Difficulties arise when

  • distinguishing between ambiguous addresses such as 742 Evergreen Terrace and 742 W Evergreen Terrace.
  • attempting to geocode new addresses for a street that is not yet added to the geographic information system database.

While there might be 742 Evergreen Terrace in Springfield, there might also be a 742 Evergreen Terrace in Shelbyville. Asking for the city name (and state, province, country, etc. as needed) can solve this problem. Some situations require use of postal codes or district name for disambiguation. For example, there are multiple 100 Washington Streets in Boston, Massachusetts[1] because several cities have been annexed without changing street names.

Finally, several caveats on using interpolation:

  • The typical attribution of a street segment assumes that all "even" numbered parcels are on one side of the segment, and all "odd" numbered parcels are on the other. This is often not true in real life.
  • Interpolation assumes that the given parcels are evenly distributed along the length of the segment. This is almost never true in real life; it is not uncommon for a geocoded address to be off by several thousand feet.
  • Segment Information (esp. from sources such as TIGER) includes a maximum upper bound for addresses and is interpolated as though the full address range is used. For example, a segment (block) might have a listed range of 100-199, but the last address at the end of the block is 110. In this case, address 110 would be geocoded to 10% of the distance down the segment rather than near the end.
  • Most interpolation implementations will produce a point as their resulting "address" location. In reality, the physical address is distributed along the length of the segment, i.e. consider geocoding the address of a shopping mall - the physical lot may run quite some distance along the street segment (or could be thought of as a two-dimensional space-filling polygon which may front on several different streets - or worse, for cities with multi-level streets, a three-dimensional shape that meets different streets at several different levels) but the interpolation treats it as a singularity.

A very common error is to believe the accuracy ratings of a given map's geocodable attributes. Such "accuracy" currently touted by most vendors has no bearing on an address being attributed to the correct segment, being attributed to the correct "side" of the segment, nor resulting in an accurate position along that correct segment. With the geocoding process used for U.S. Census TIGER datasets, 5-7.5% of the addresses may be allocated to a different census tract, while 50% of the geocoded points might be located to a different property parcel. [2]

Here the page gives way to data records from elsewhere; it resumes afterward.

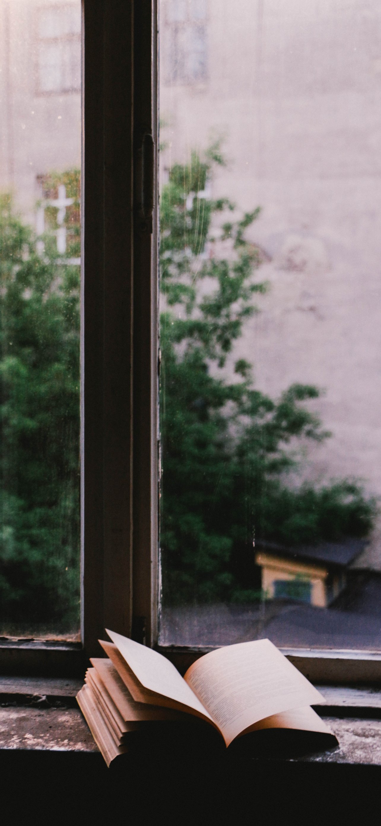 Wallpaper: book, window view, thoughts, minimalism - 1284x2778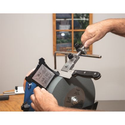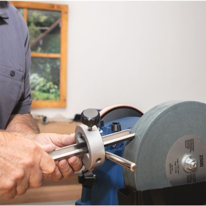 Profesionální brousící systém SCHEPPACH Tiger 7000 S se hodí výborně jak pro domácí dílny, tak i promenší provozovny a dílny, které vyžadují perfektní ostrost svých nástrojů. Na ovládání brousícího systému Scheppach je skvělé, že díky jednoduchému ovládání a systému přípravků může nástroj dokonale nabrousit i úplný začátečník a uchránit tak mnohdy drahé nástroje před zničením. Základem pro správně nabroušené ostří je speciální široký kámen o průměru 250 mm, který v sobě, pro ještě dokonalejší funkci, obsahuje mikročástice oxidu hliníku. Můžete tak, vedle běžných materiálů, brousit i ostří z tvrdokovu. Pro zahlazení všech mikrootřepů a docílení perfektního výsledku slouží vyměnitelný honovací kožený kotouč. Tělo samotného stroje a uložení kotoučů je velmi stabilní, indukční motor je moderní bezuhlíkové konstrukce, takže je výkonný, bezúdržbový a velmi tichý. Nádoba na vodu je vyrobena z pevného, netříštivého plastu. Stroj je opatřen gumovými nožičkami. Jako standardní příslušenství je dodáván úhloměr, přípravek na broušení rovných ostří a abrazívní pasta. Velké množství dalších přípravků lze potom dle potřeby dokoupit.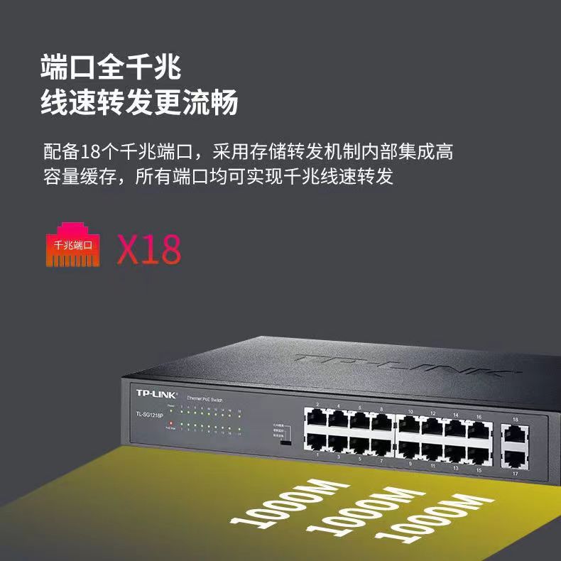 📚 普联TP-LINK16口SG2218P交换机poe千兆18口企业48v供电监控SG1218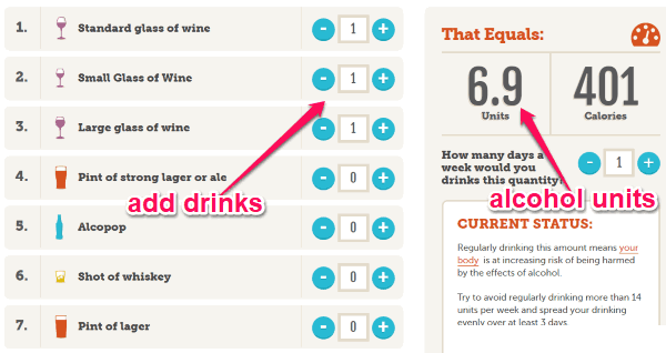 Drinks Calculator (by Drink Wise Wales) is also a free website to calculate alcohol units you have consumed based on the drinks selected by you. It allows you to calculate alcohol on a daily basis or weekly basis. After you open this website, you will see a list of drinks like Pint of Lager, Small Glass of Wine, Shot of Whiskey, Alcopop, and so on. Now, you can go ahead and click the “+” button to the right of the drinks to add them for unit calculation. As soon as you do that, this website will automatically calculate and show you the alcohol units in real time. Apart from that, you will also see the estimated calories and a description of the current status of your body.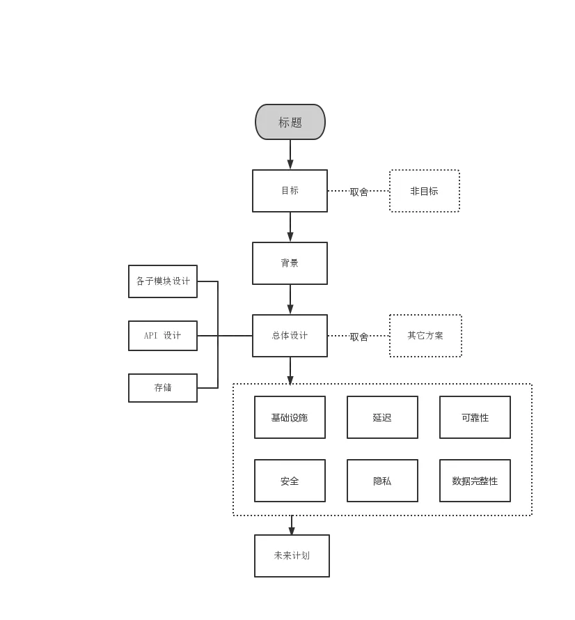 在介绍了最终方案后,可以有一节介绍一下设计过程中考虑过的其他设计方案(Alternatives Considered)、它们各自的优缺点和权衡点、以及导致选择最终方案的原因等。通常,有经验的读者(尤其是方案的审阅者)会很自然地想到一些其他设计方案,如果这里的介绍描述了没有选择这些方案的原因,就避免读者带着疑问看完整个设计再来询问作者。这一节可以体现设计的严谨性和全面性。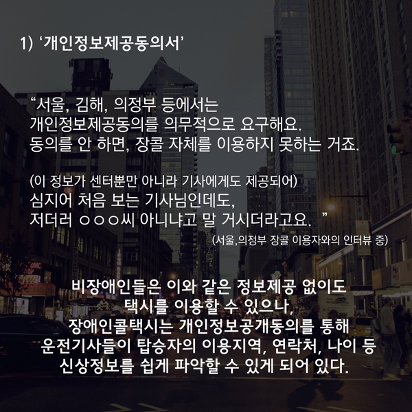 "서울, 김해, 의정부 등에서는 개인정보제공동의를 의무적으로 요구해요. 동의를 안 하면, 장콜 자체를 이용하지 못하는 거죠. (이 정보가 센터뿐만 아니라 기사에게도 제공되어) 심지어 처음 보는 기사님인데도, 저더러 ㅇㅇㅇ씨 아니냐고 말 거시더라고요." (서울, 의정부 장콜 이용자와의 인터뷰 중)
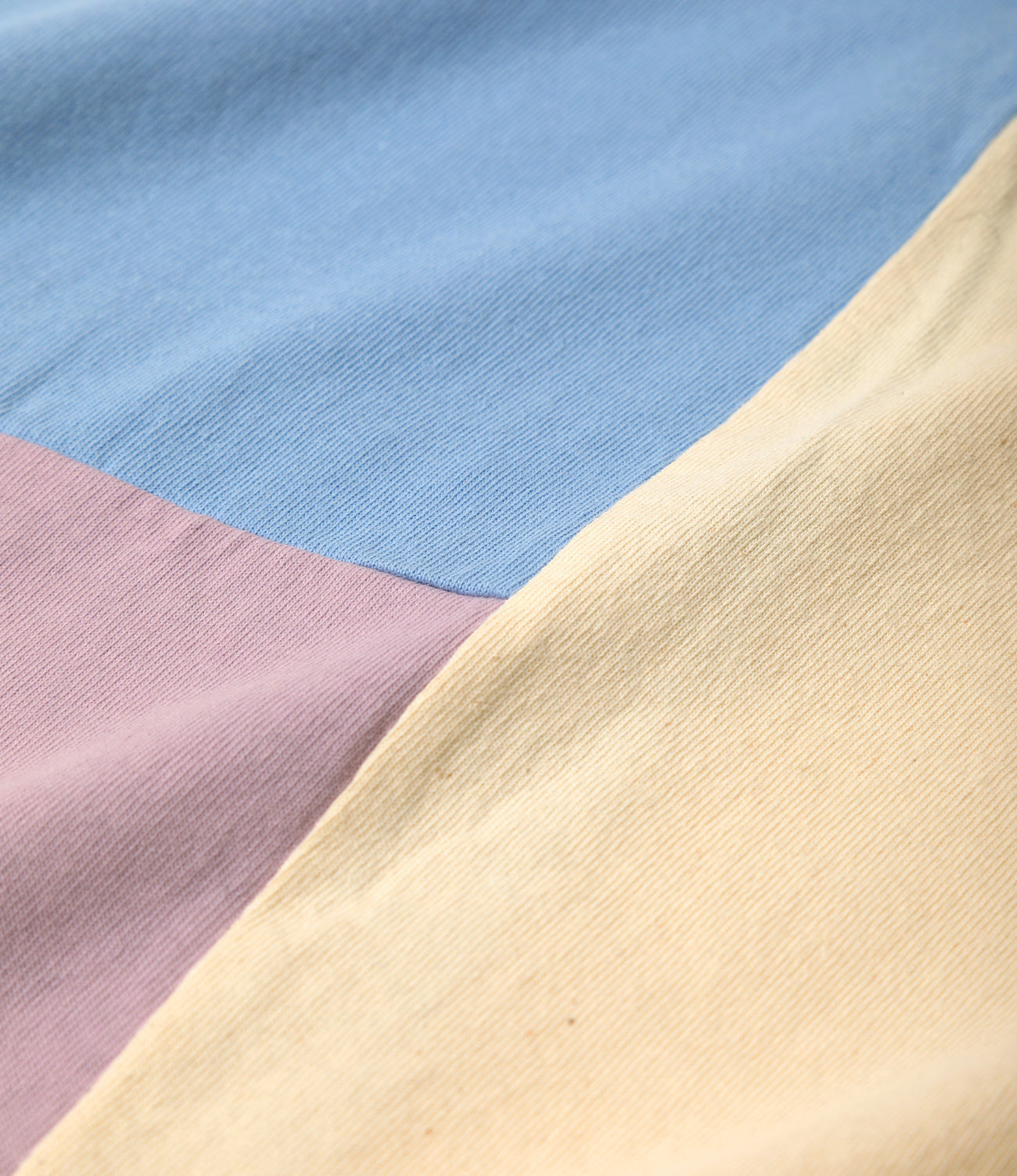 S25シーズンに好評を博した3 Color Block Tee。〈TS(S)〉で展開しているTシャツをベースに、胸ポケットとパピヨン刺繍を加えた別注デザインです。カラーは、今回のコラボレーションで展開しているデジタルカモおよびサマーコーデュロイのアイテムからピックアップ。素材には、アメリカ古着にも多く見られる空紡糸(オープンエンドヤーン)を使用し、タフでドライな質感に仕上げています。

Because of this, it is quite important to avoid using interpolated results except for non-critical applications, such as pizza delivery. Interpolated geocoding is usually not appropriate for making authoritative decisions, for example if life safety will be impacted by that decision. Emergency services, for example, do not make an authoritative decision based on their interpolations; an ambulance or fire truck will always be dispatched regardless of what the map says.

Other techniques

Other means of geocoding might include locating a point at the centroid (center) of a land parcel, if parcel (property) data is available in the geographic information system database. In rural areas or other places lacking high quality street network data and addressing, GPS is useful for mapping a location. For traffic accidents, geocoding to a street intersection or midpoint along a street centerline is a suitable technique. Most highways in developed countries have mile markers to aid in emergency response, maintenance, and navigation.

Address locators that use different reference data types or that require different input information can be combined in a Composite Address Locator. An address is processed through each locator in turn, until a match is found. This method can be helpful if the input address table may have inaccurate addresses or incomplete address information. A common use of a composite address locator is combining a street address locator with a zip code locator. When an address is not matched according to its street address, the zip code can be used to associate this address with a zip code region center point.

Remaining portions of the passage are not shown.